:: What the task requires ::
Please copy the data below exactly, from its first line through the line holding "汗衫 睡衣上衣妈妈长袖 家居服女 纯棉内衣中老年人全棉开衫 春夏薄款", and skip the pictures.

Dataset records:
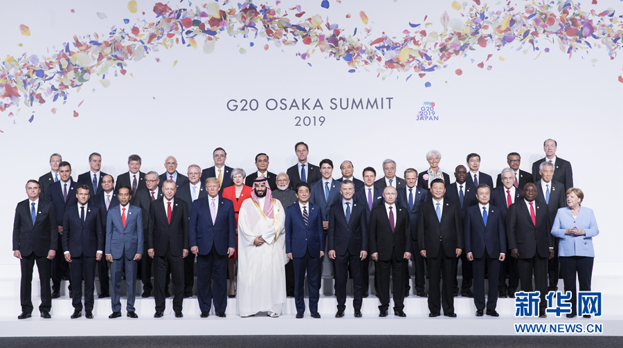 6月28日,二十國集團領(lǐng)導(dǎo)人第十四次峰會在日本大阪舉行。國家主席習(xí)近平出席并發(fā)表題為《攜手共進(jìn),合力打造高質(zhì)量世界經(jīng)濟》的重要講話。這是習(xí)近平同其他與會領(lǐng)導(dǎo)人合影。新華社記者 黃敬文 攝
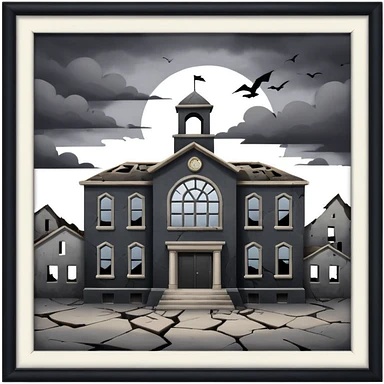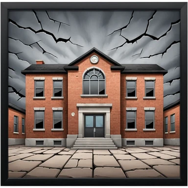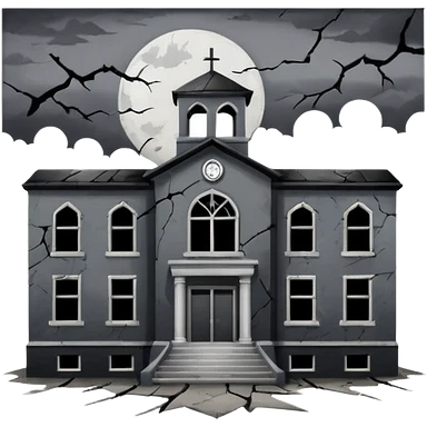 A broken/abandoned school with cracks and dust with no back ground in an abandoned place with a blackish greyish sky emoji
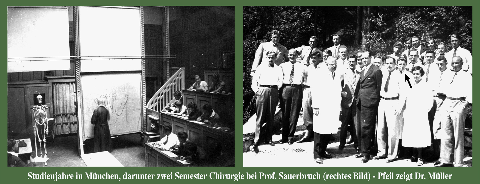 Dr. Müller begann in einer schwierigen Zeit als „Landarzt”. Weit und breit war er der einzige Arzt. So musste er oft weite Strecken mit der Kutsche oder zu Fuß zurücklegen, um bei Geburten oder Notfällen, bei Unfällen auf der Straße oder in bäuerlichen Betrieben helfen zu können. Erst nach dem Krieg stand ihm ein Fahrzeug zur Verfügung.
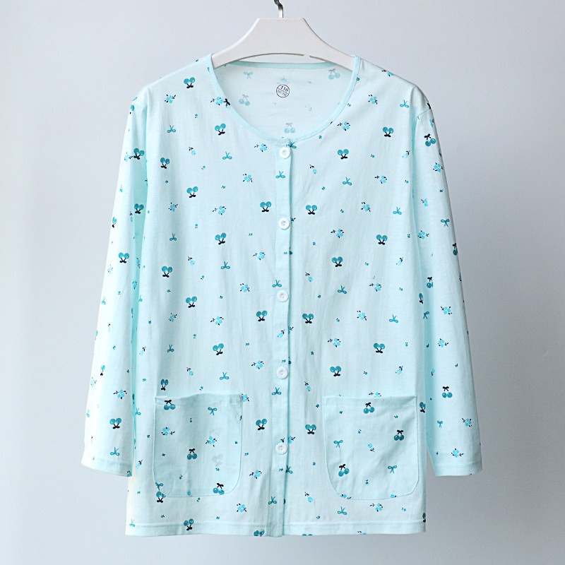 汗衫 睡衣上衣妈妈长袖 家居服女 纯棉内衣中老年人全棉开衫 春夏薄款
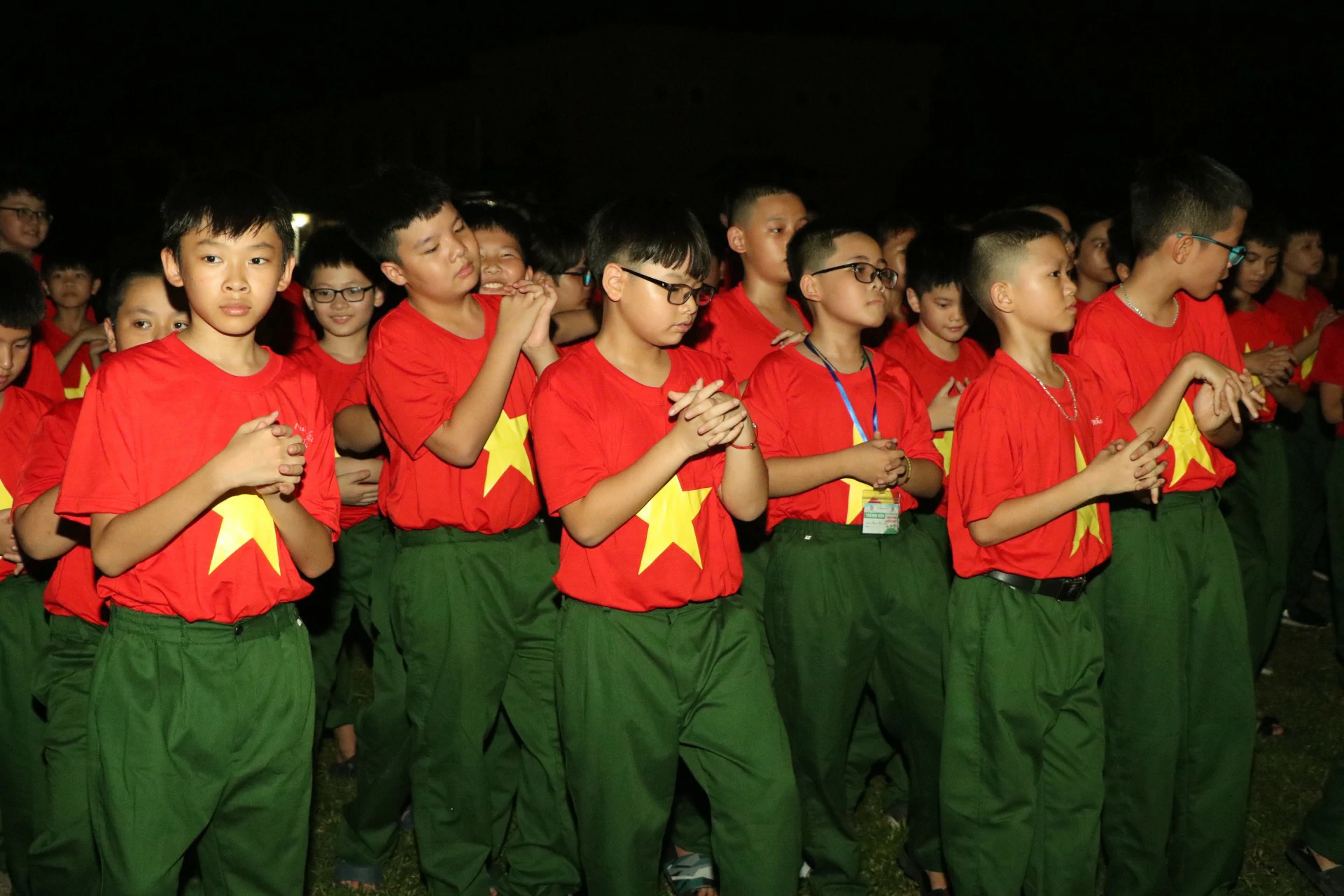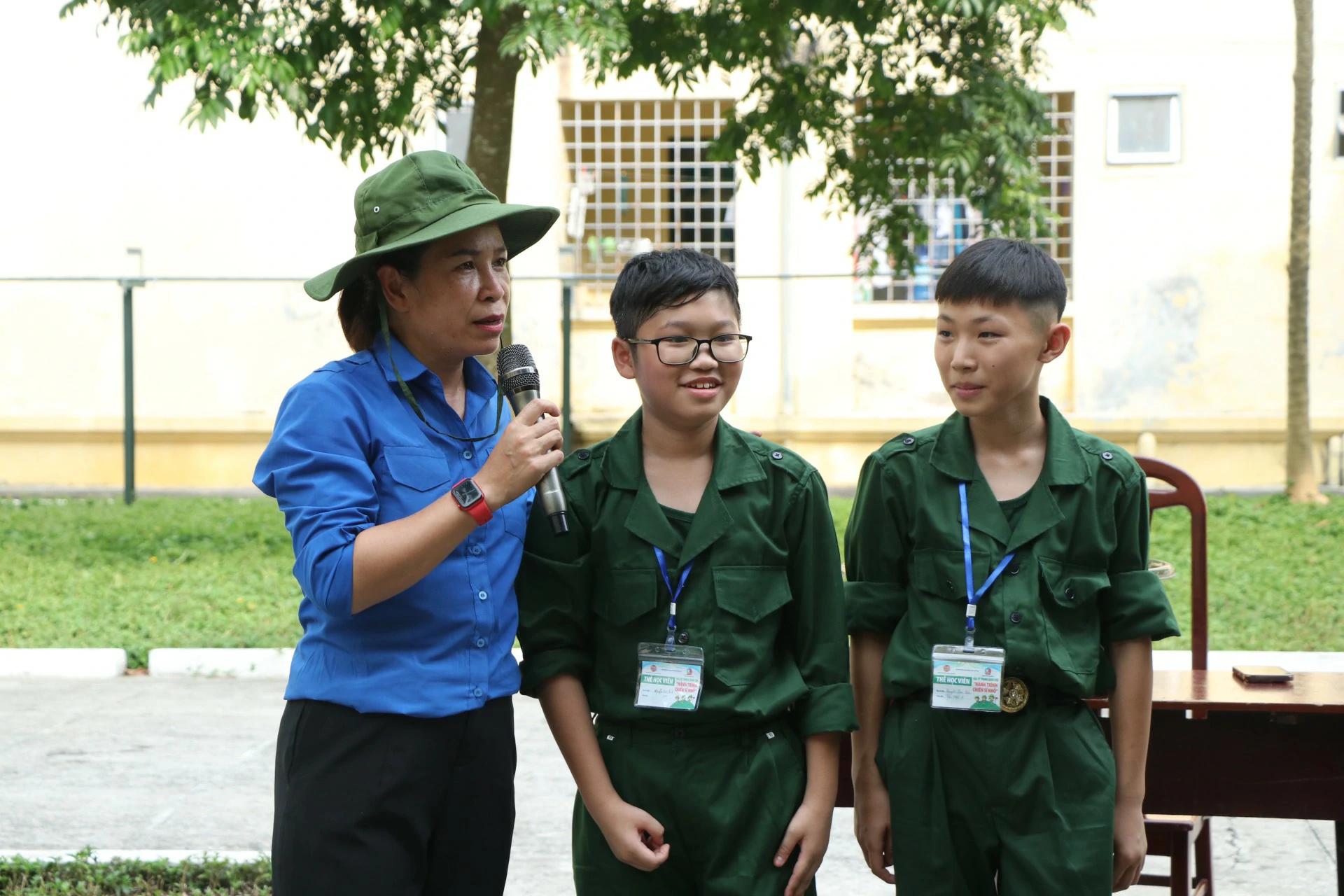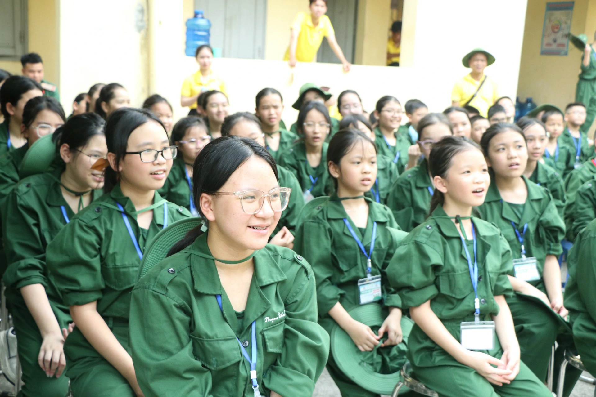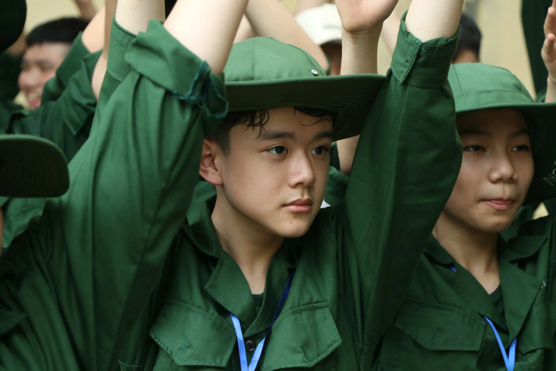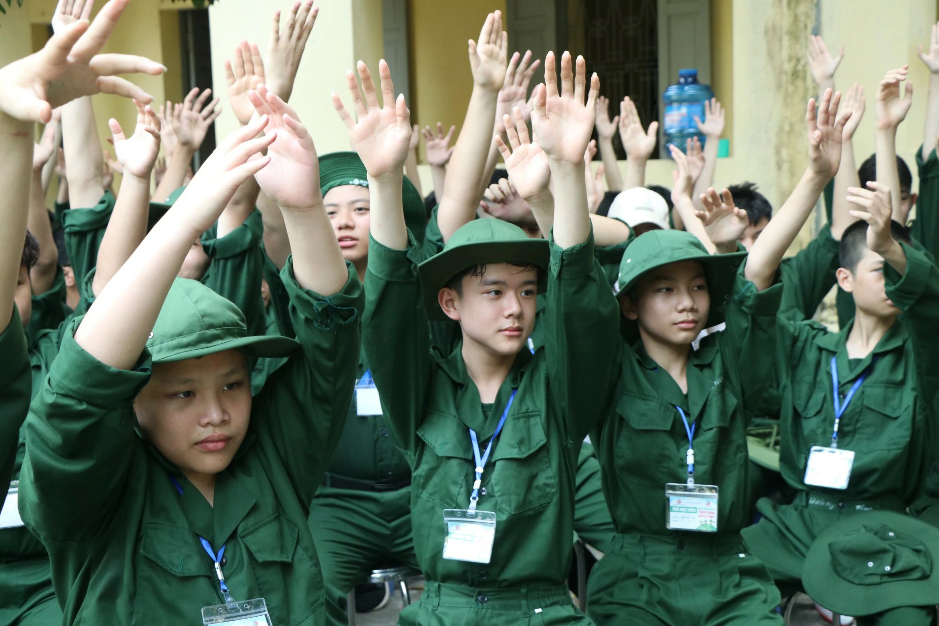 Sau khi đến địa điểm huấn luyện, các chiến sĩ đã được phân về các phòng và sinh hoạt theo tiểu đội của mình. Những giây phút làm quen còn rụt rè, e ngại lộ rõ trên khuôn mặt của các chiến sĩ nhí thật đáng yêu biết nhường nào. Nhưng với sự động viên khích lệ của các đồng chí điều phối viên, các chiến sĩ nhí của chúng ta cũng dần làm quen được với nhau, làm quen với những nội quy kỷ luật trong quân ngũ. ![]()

:: Output of the task ::
 6月28日,二十國集團領(lǐng)導(dǎo)人第十四次峰會在日本大阪舉行。國家主席習(xí)近平出席并發(fā)表題為《攜手共進(jìn),合力打造高質(zhì)量世界經(jīng)濟》的重要講話。這是習(xí)近平同其他與會領(lǐng)導(dǎo)人合影。新華社記者 黃敬文 攝
 A broken/abandoned school with cracks and dust with no back ground in an abandoned place with a blackish greyish sky emoji
 Dr. Müller begann in einer schwierigen Zeit als „Landarzt”. Weit und breit war er der einzige Arzt. So musste er oft weite Strecken mit der Kutsche oder zu Fuß zurücklegen, um bei Geburten oder Notfällen, bei Unfällen auf der Straße oder in bäuerlichen Betrieben helfen zu können. Erst nach dem Krieg stand ihm ein Fahrzeug zur Verfügung.
 汗衫 睡衣上衣妈妈长袖 家居服女 纯棉内衣中老年人全棉开衫 春夏薄款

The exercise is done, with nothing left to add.